In the VTune Profiler GUI, switch to the Bottom-Up tab. Set Loop Mode to Functions only.

Switch to the Summary tab and scroll down to the Top Loops/Functions with FPU Usage by CPU Time section:

Observe the CPU Time and Vector Instruction Set columns.

Consider the performance difference between the generic and the native binary. Decide whether it makes sense to compile a portable binary with multiple code paths.

NOTE:

This sample application was auto-vectorized by the compiler. To investigate vectorization opportunities in your application in depth, use Intel® Advisor.

Compile Portable Binary

If the comparison between the generic and native binary shows a performance improvement, for example, if the CPU Time was improved, consider compiling a portable binary.

Compile the portable binary with the Intel® DPC++/C++ Compiler

Use the -ax (/Qax for Windows) option to instruct the compiler to generate multiple feature-specific auto-dispatch code paths for Intel processors.

Compile the fma_portable binary with the -ax option:

icx -g -O3 -debug inline-debug-info -axCOMMON-AVX512,CORE-AVX2,AVX,SSE4.2,TREMONT,ICELAKE-SERVER fma.c -o fma_portable

Refer to the -ax option help page for the list of supported architectures.

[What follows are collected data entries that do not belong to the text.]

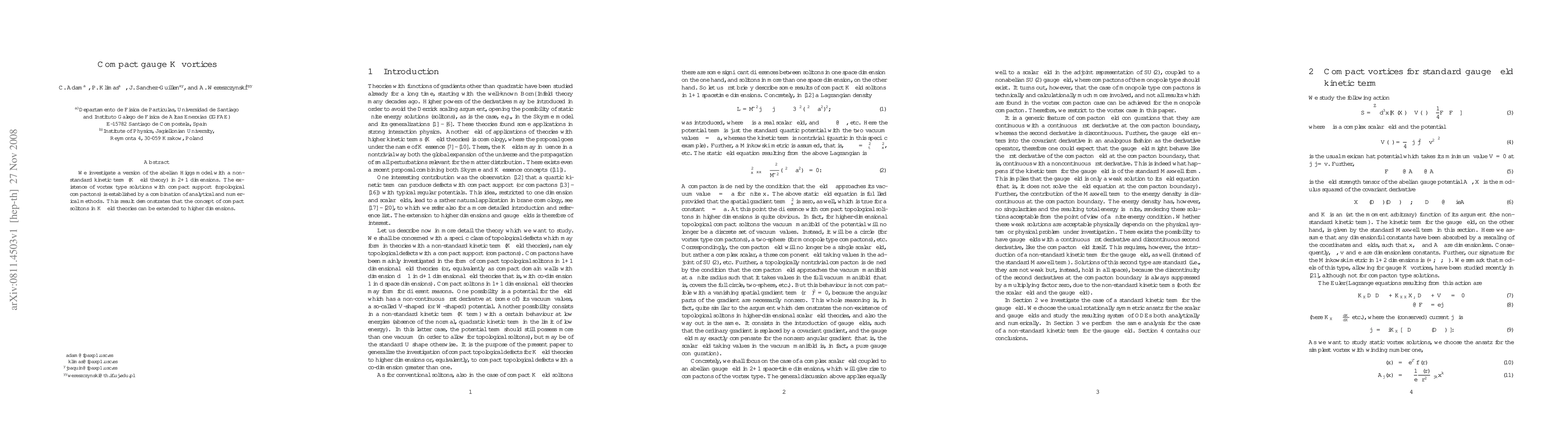 We investigate a version of the abelian Higgs model with a non-standard kinetic term (K field theory) in 2+1 dimensions. The existence of vortex type solutions with compact support (topological compactons) is established by a combination of analytical and numerical methods. This result demonstrates that the concept of compact solitons in K field theories can be extended to higher dimensions.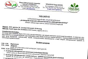 A TÉSZ-ÉSZ Nonprofit Kft. és a FruitVeB Magyar Zöldség-Gyümölcs Szakmaközi Szervezet március 28-án Szentesen „Az integrált termesztés időszerű kérdései a zöldségtermesztésben” címmel szakmai konferenciát szervez. A rendezvény célja, hogy hozzájáruljon az ágazati versenyképesség növekedéséhez, továbbá hogy tájékoztassa az integrált termesztés iránt érdeklődőket a téma aktuális kérdéseiről, illetve elősegítse a témában érdekelt szereplők (a termelők, az inputanyag-forgalmazók, a szaktanácsadók, a kutatók és a kormányhivatalok) konzultációjával a hazai integrált zöldségtermesztés fejlődését és versenyképességének növekedését. A rendezvény kiemelt témái között szerepel az integrált zöldségtermesztés szabályrendszere és technológiai feltételei, az integrált védjegyezés, valamint a biológiai védekezés és a mikrobiológiai készítmények alkalmazásának lehetőségei a zöldségtermesztésben. A rendezvényen való részvétel díjtalan, de előzetes regisztrációhoz kötött – közölte a szakmaközi szervezet. Katt a képre! Szentes, 2012. 03. 07. Március 6. a Logopédusok Napja Szentesen hét logopédus dolgozik a beszédhiba/-zavar/-fogyatékosság ellen!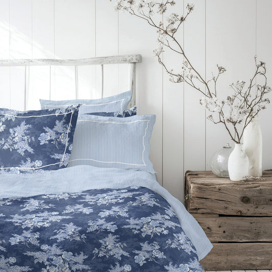 Soon AvailableDuvet cover + pillowcase cotton satin - Noctalia Blue
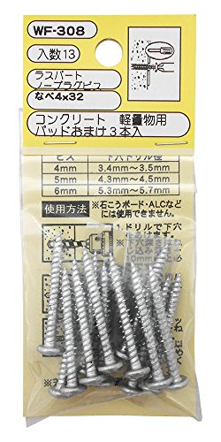 和気産業のコンクリート軽量物用ノープラグビスアンカーWF-308は、ナベ4×32サイズで、軽量物の固定に最適です。手軽に取り付けでき、強力な保持力を提供します。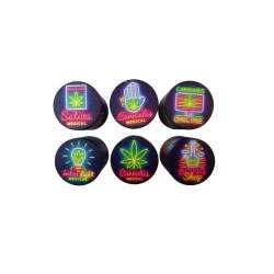 Uma caixa com 12 moedores de 4 partes com polinizador e espátula, com um diâmetro de 40 mm e uma altura de 37 mm, apresentando seis designs diferentes com tema de cannabis e luzes de neon em cores vibrantes. Cada moedor possui um design único para atender qualquer estilo pessoal, proporcionando uma experiência excepcional de moagem. Além disso, a ferramenta de espátula incluída ajudará a coletar o pólen para maior aproveitamento. Seja o centro das atenções em qualquer encontro com esses moedores chamativos e únicos. Clique em nossa página para descobrir mais sobre nossos produtos de qualidade. -12 moedores - 4 partes - Diâmetro de 40 mm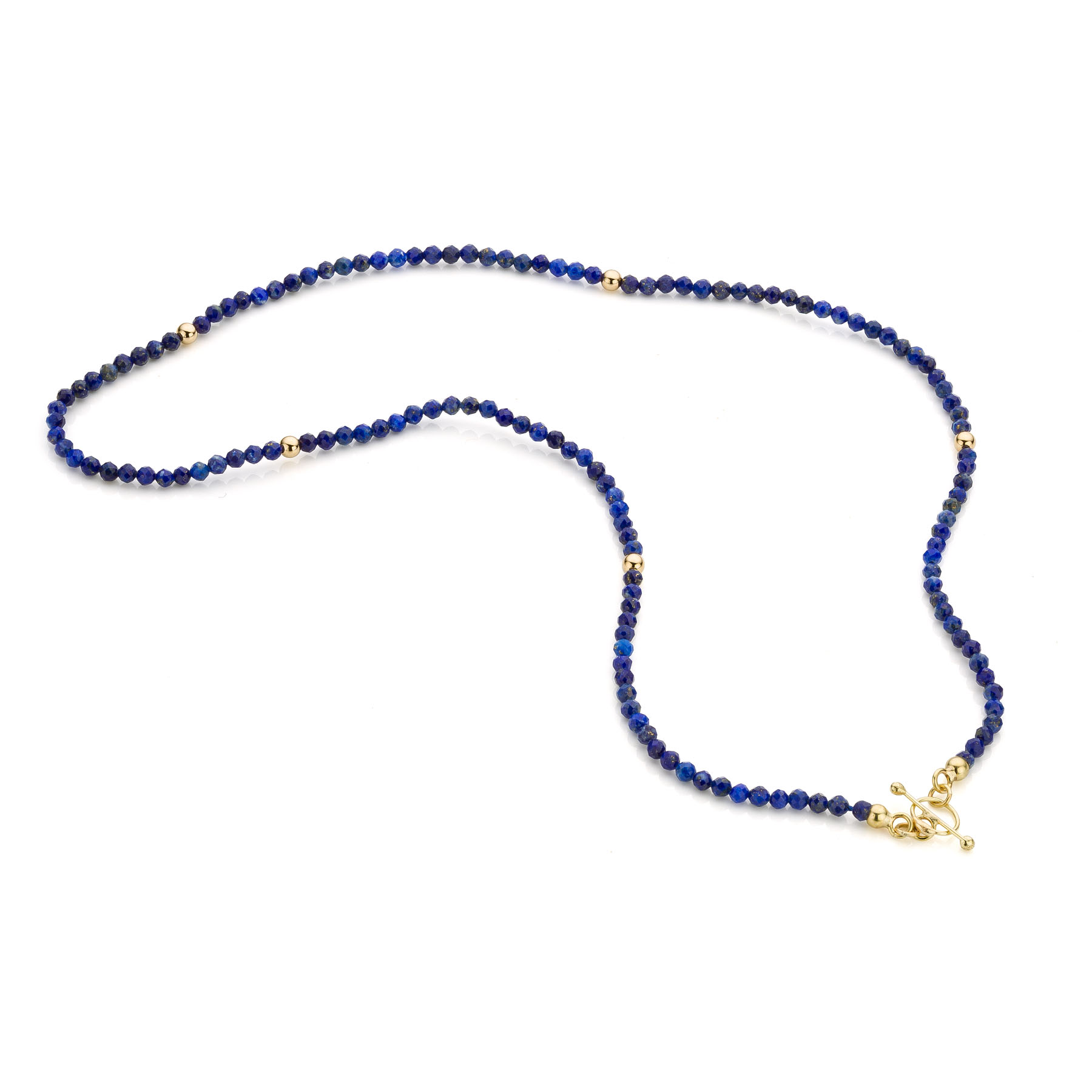 A necklace of Lapis Lazuli gemstone beads with 18-carat gold highlights

Compile the portable binary with the GNU Compiler Collection

Compare the results for generic and native binaries. If the CPU Time was improved and an additional Vector Instruction Set was utilized for a specific function in the native binary result, then add the target_clones attribute to this function.

If the function calls other functions, consider adding the flatten attribute to force inlining, since the target_clones attribute is not recursive.

Copy the contents of the fma.c source file to a new file, fma_portable.c, and add the TARGET_CLONE preprocessor macro:

#define TARGET_CLONES __attribute__((flatten,target_clones("default,sse4.2,avx,"\
    "avx2,avx512f,arch=skylake,arch=tremont,arch=skylake-avx512,"\
    "arch=cascadelake,arch=cooperlake,arch=tigerlake,arch=icelake-server")))

Refer to the x86 Options page of the GCC manual for the list of supported architectures.

Multiple versions of a function will increase the binary size. Consider the trade-off between performance improvement for each target and code size. Collecting and comparing VTune Profiler results enables you to make data-driven decisions to apply the TARGET_CLONES macro only to the functions that will run faster with new instructions.

Add the TARGET_CLONES macro before the my_fma function definition and init functions and save the changes to fma_portable.c:

TARGET_CLONES
void my_fma(float *a, float *b, float *c, const int size)

Compile the fma_portable binary:

gcc -g -O3 fma_portable.c -o fma_portable

Compare Portable and Native Binaries

To compare the performance of portable and optimized binaries, collect the HPC Performance Characterization data for the fma_portable binary:

vtune -c hpc-performance -r fma_portable_hpc ./fma_portable

The output of this analysis includes the following data:

Vectorization: 100.0% of Packed FP Operations    
Instruction Mix        
  SP FLOPs: 6.9% of uOps            
   Packed: 100.0% from SP FP                
    128-bit: 66.7% from SP FP                
    256-bit: 33.3% from SP FP            
   Scalar: 0.0% from SP FP

Open the comparison in VTune Profiler GUI:

vtune-gui fma_portable_hpc fma_native_hpc

As a result, the portable binary uses the highest instruction set extension available and demonstrates optimal performance on the target system.